Have a question about this project? Sign up for a free GitHub account to open an issue and contact its maintainers and the community.

By clicking “Sign up for GitHub”, you agree to our terms of service and privacy statement. We’ll occasionally send you account related emails.

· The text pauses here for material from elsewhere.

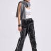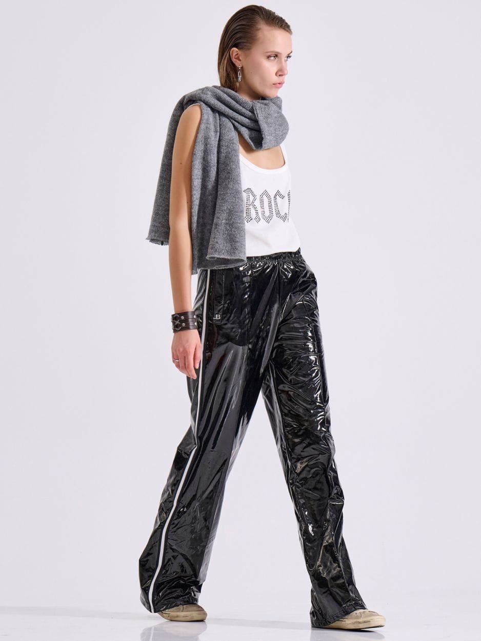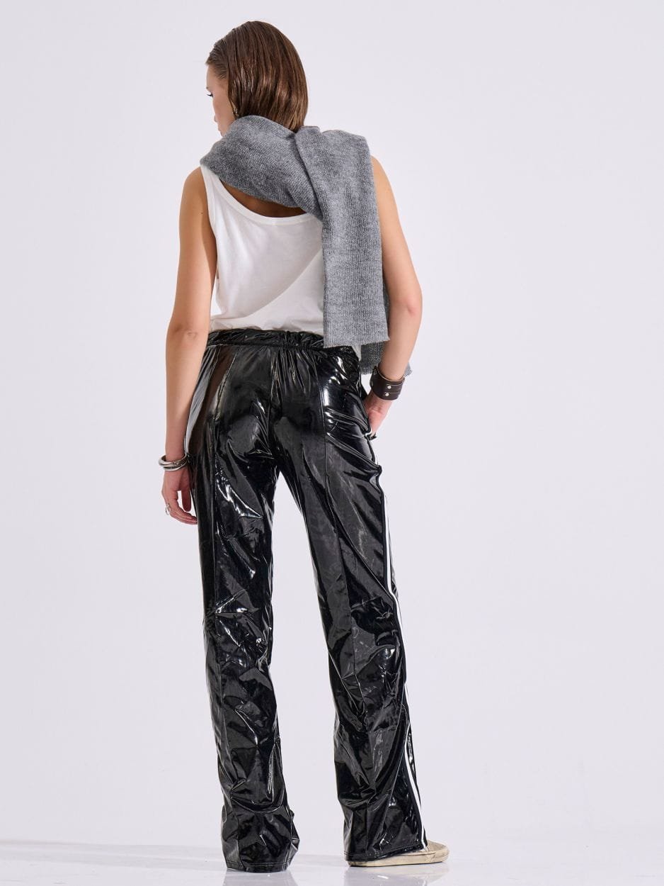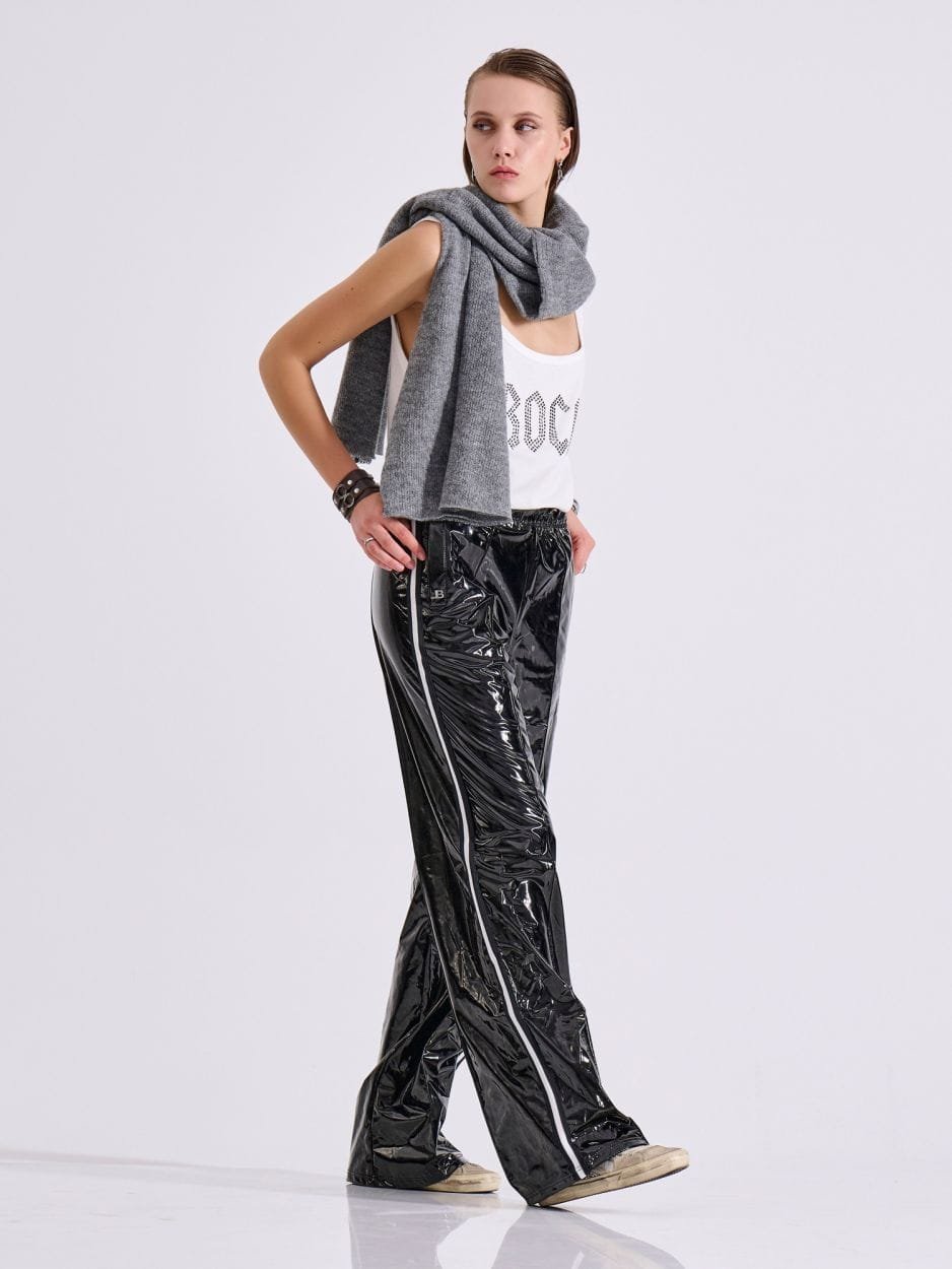 Αθλητικό παντελόνι φόρμας σε μαύρο χρώμα από γυαλιστερό βινύλ ύφασμα με διπλή ελαστικότητα, που χαρίζει άνεση και ξεχωριστό χαρακτήρα.

Already on GitHub? Sign in to your account

BUG: pd.read_csv Incorrect Checksum validation for COMPOSITE Checksum #60779

Open
2 of 3 tasks
munch9 opened this issue Jan 24, 2025 · 1 comment
Open
2 of 3 tasks

BUG: pd.read_csv Incorrect Checksum validation for COMPOSITE Checksum #60779

munch9 opened this issue Jan 24, 2025 · 1 comment
Labels
Bug IO CSV read_csv, to_csv IO Network Local or Cloud (AWS, GCS, etc.) IO Issues Needs Triage Issue that has not been reviewed by a pandas team member

Comments

@munch9
Copy link

munch9 commented Jan 24, 2025

Pandas version checks

  • I have checked that this issue has not already been reported.

  • I have confirmed this bug exists on the latest version of pandas.

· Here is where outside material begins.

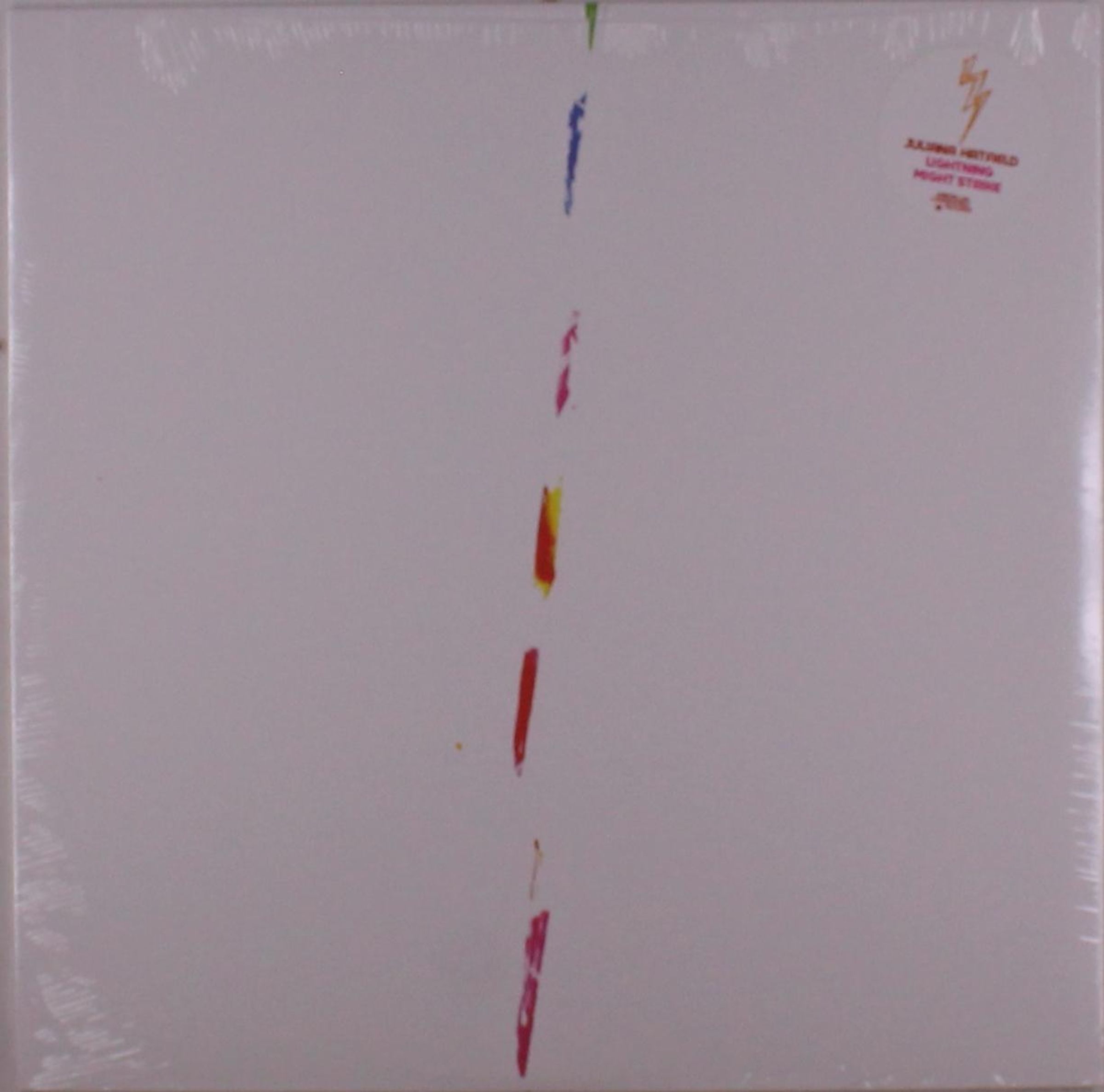 Albumtitel: "Lightning Night Strike". Blitze-Logo. Weiße Oberfläche mit bunter, vertikaler Linie., LP

  • I have confirmed this bug exists on the main branch of pandas.

Reproducible Example

import base64
import zlib

import awswrangler as wr
import boto3
import pandas as pd

# DL DEV
AWS_ACCESS_KEY_ID = <Redacted>
AWS_SECRET_ACCESS_KEY = <Redacted>
AWS_SESSION_TOKEN = <Redacted>
session_west = boto3.Session(
    aws_access_key_id=AWS_ACCESS_KEY_ID,
    aws_secret_access_key=AWS_SECRET_ACCESS_KEY,
    aws_session_token=AWS_SESSION_TOKEN,
    region_name="eu-west-1",
)

client = session_west.client("s3")
localpath = <Redacted>
bigfile = "bigfile.csv"
smallfile = "smallfile.csv"
bucket = "checksum-test-bucket"
s3path = "checksum-test"

for filetype in [smallfile, bigfile]:
    with open(f"{localpath}{filetype}", "rb") as file:

        # Calculate CRC32 ourselves for reference
        crcval = zlib.crc32(file.read())
        crc_bytes = crcval.to_bytes(4, "big")
        crc = base64.b64encode(crc_bytes).decode("utf-8")
        print(f"{filetype} - {crc}")

    with open(f"{localpath}{filetype}", "rb") as file:

        client.put_object(
            Bucket=bucket, Key=f"{s3path}/put_object/{filetype}", Body=file
        )

    client.upload_file(
        Bucket=bucket,
        Key=f"{s3path}/upload_file/{filetype}",
        Filename=f"{localpath}{filetype}",
    )

for filetype in [smallfile, bigfile]:
    for upload_method in ["put_object", "upload_file"]:

        path = f"s3://{bucket}/{s3path}/{upload_method}/{filetype}"
        print(path)
        try:
            fw: pd.DataFrame = wr.s3.read_csv(
                path=path,
                dtype="object",
                boto3_session=session_west,
            )
            print(fw.shape)
        except Exception as e:
            print(f"wrangler failed - {e}")

        try:
            fp = pd.read_csv(
                path,
                storage_options={
                    "key": AWS_ACCESS_KEY_ID,
                    "secret": AWS_SECRET_ACCESS_KEY,
                    "token": AWS_SESSION_TOKEN,
                },
            )
            print(fp.shape)
        except Exception as e:
            print(f"Pandas fail - {e}")

        try:
            client = session_west.client("s3")
            fb = client.get_object(
                Bucket=bucket,
                Key=f"{s3path}/{upload_method}/{filetype}",
                ChecksumMode="ENABLED",
            )
            print(f'{fb["ChecksumCRC32"]} - {fb["ChecksumType"]}')
        except Exception as e:
            print(f"boto error - {e}")

Issue Description

Boto3 >=1.36.0 has modified behaviour to add CRC32 checksum by default where supported.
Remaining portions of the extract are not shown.